Kelly became an “online influencer” before influencer marketing was a thing. He attracted thousands of readers by writing a few blog posts a day, and was regarded as something of an expert. He was featured in the New York Times and gave interviews to CNN and other TV networks and news outlets.

The site was also bringing in real money. With the help of an affiliate marketer friend of his, Kelly added links to credit-card offers to his site in 2011 and would get paid if readers signed up through them. At first, Kelly didn’t know if he’d ever see a dime. But then a post that linked to a British Airways Visa promotion went viral, and he estimated that if just 10% of his roughly 25,000 readers at the time signed up he could make six figures. From then on, Kelly started writing more and more posts each day, tapping out at about 15—a responsibility he now shares with his 8-person editorial staff. Many of ThePointsGuy’s most popular posts are also the most profitable, he said.

“We create content that makes people’s lives better and give it to them for free and in return they get credit cards through our site,” Kelly said. “People travel smarter, people see their families more, people save thousands of dollars because they came across ThePointsGuy.com. And, in turn, if you’re going to get the credit cards that we talk about anyway, use our link.”

Today, The Points Guy brings in more than 3 million unique visitors a month, Kelly said. It also has 1.5 million likes on Facebook and hundreds of thousands of followers on both Twitter and Instagram.

Kelly has strict rules on how he deals with marketers and credit-card companies to keep the site’s credibility intact.
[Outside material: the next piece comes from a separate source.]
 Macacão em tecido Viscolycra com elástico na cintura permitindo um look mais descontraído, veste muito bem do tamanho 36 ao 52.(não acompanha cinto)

He pays for all of his own travel, covers his employees credit-card fees, and doesn’t do exclusive credit-card deals.

“The credit-card companies, all of them pay us and its up to us to decide which ones we want to use,” said Kelly. “My integrity is my number one asset and you can’t buy it… I think our readers respect that.”
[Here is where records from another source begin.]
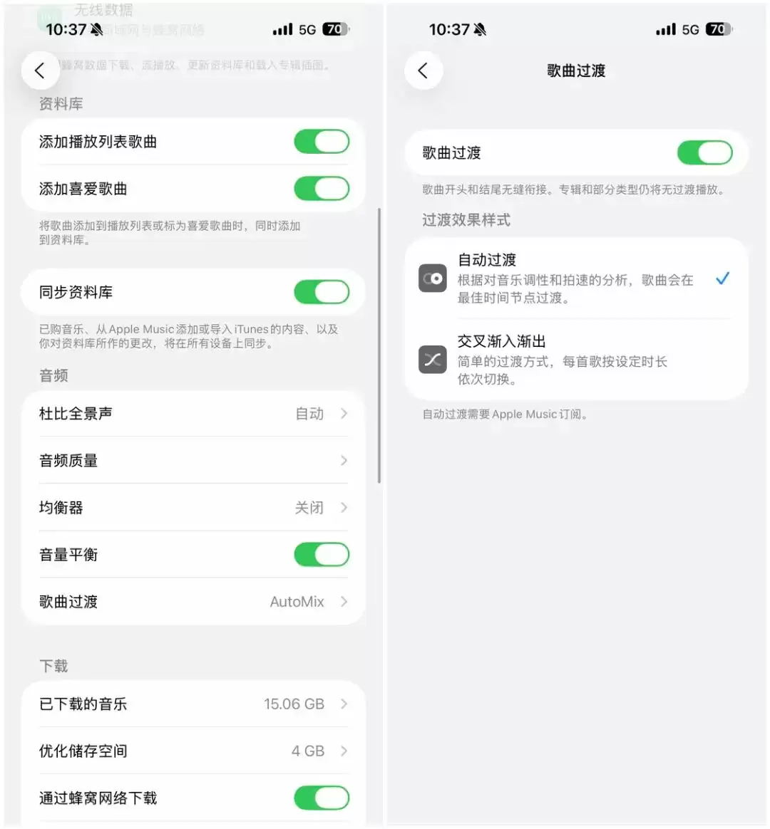 当然,如果你不完全喜欢这个「自动过渡」的歌曲过渡方式,那么可以在「设置」>「音乐」中找到音乐部分的「歌曲过渡」选项,在这里你可以将歌曲过渡方式切换为传统的「交叉渐入渐出」,或者干脆关掉「歌曲过渡」功能。
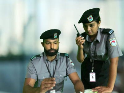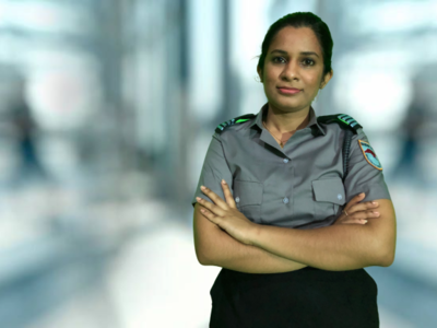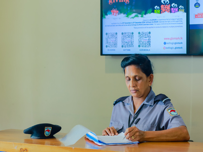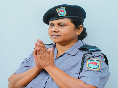 Lady security officer is on duty at the Softlogic Glomark supermarket
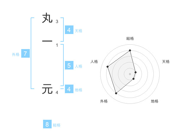 丸一 元さんの総格は8画の4点!
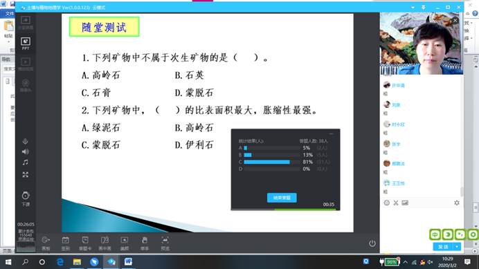 在老师授课过程中,老师讲授细致认真.语速适中,能够让我们更好的理解讲授内容。在授课期间,多次连线互动,形成良好的交流集国,期间还设置了随堂问题.以便了解大部分同学掌程情况。体现了老师的细数程度,让我们能够更好的掌握老师所讲述的内容。非常感谢老师讲解。
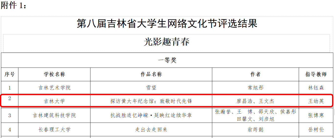 近日,吉林省教育厅公布第八届吉林省大学生网络文化节评选活动获奖名单,博彩平台
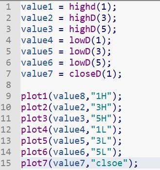 我的本意是在1分鐘K線圖裡面顯示前3跟5日中的最高低價位畫一條線
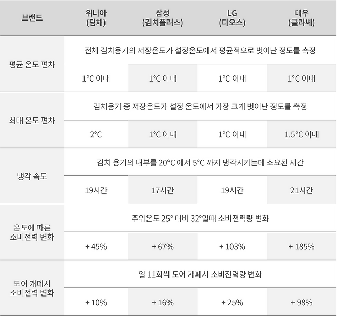 김치용기를 20°C 에서 5°C 까지 내리는데 걸리는 시간을 측정한 냉각속도는 삼성이 17시간, 위니아,/LG가 19시간 대우가 21시간으로 브랜드에 따라 작은 차이는 있었습니다.

Kelly has about 30 credit cards, 10 of which he uses regularly—some for business and others for different bonuses like travel rewards—and a credit score of over 800 because he pays off the balances in full each month.

While Kelly said there’s no typical day for him, he did give Quartz a glimpse into his schedule for one particular day:

  • Woke up in New York
  • Interview with Fox News at 7:30am about “The Best and Worst Airports in the US
  • Spoke at a breakfast at the Soho House at 9:30am
  • Conference call with executive team
  • Interview with the New York Times
  • Interview with Quartz
  • Negotiated a deal with a credit-card issuer
  • Soul Cycle class
  • Charity dinner followed by a benefit for Miami’s Perez Art Museum

The best part for Kelly, he said, is that he gets to travel for a living. Kelly said he splits his time between Miami, New York, and traveling. As of this November, he had spent 100 nights in hotels during the year. “That’s probably more than I really should,” he joked. “But at the end of the day I’m a natural born traveller.”

Every trip is a mixture of business and pleasure. He went to Africa twice this fall for charity work, spent Christmas in the Maldives, where he tried out two different resorts and spent time filming and writing reviews. He’s spending three weeks in Indonesia over New Years.

In 2017, Kelly hopes to travel a little less while he continues to grow his business. He’s preparing to move the company into a new office in New York’s Flatiron District, and says a global expansion may be on the horizon.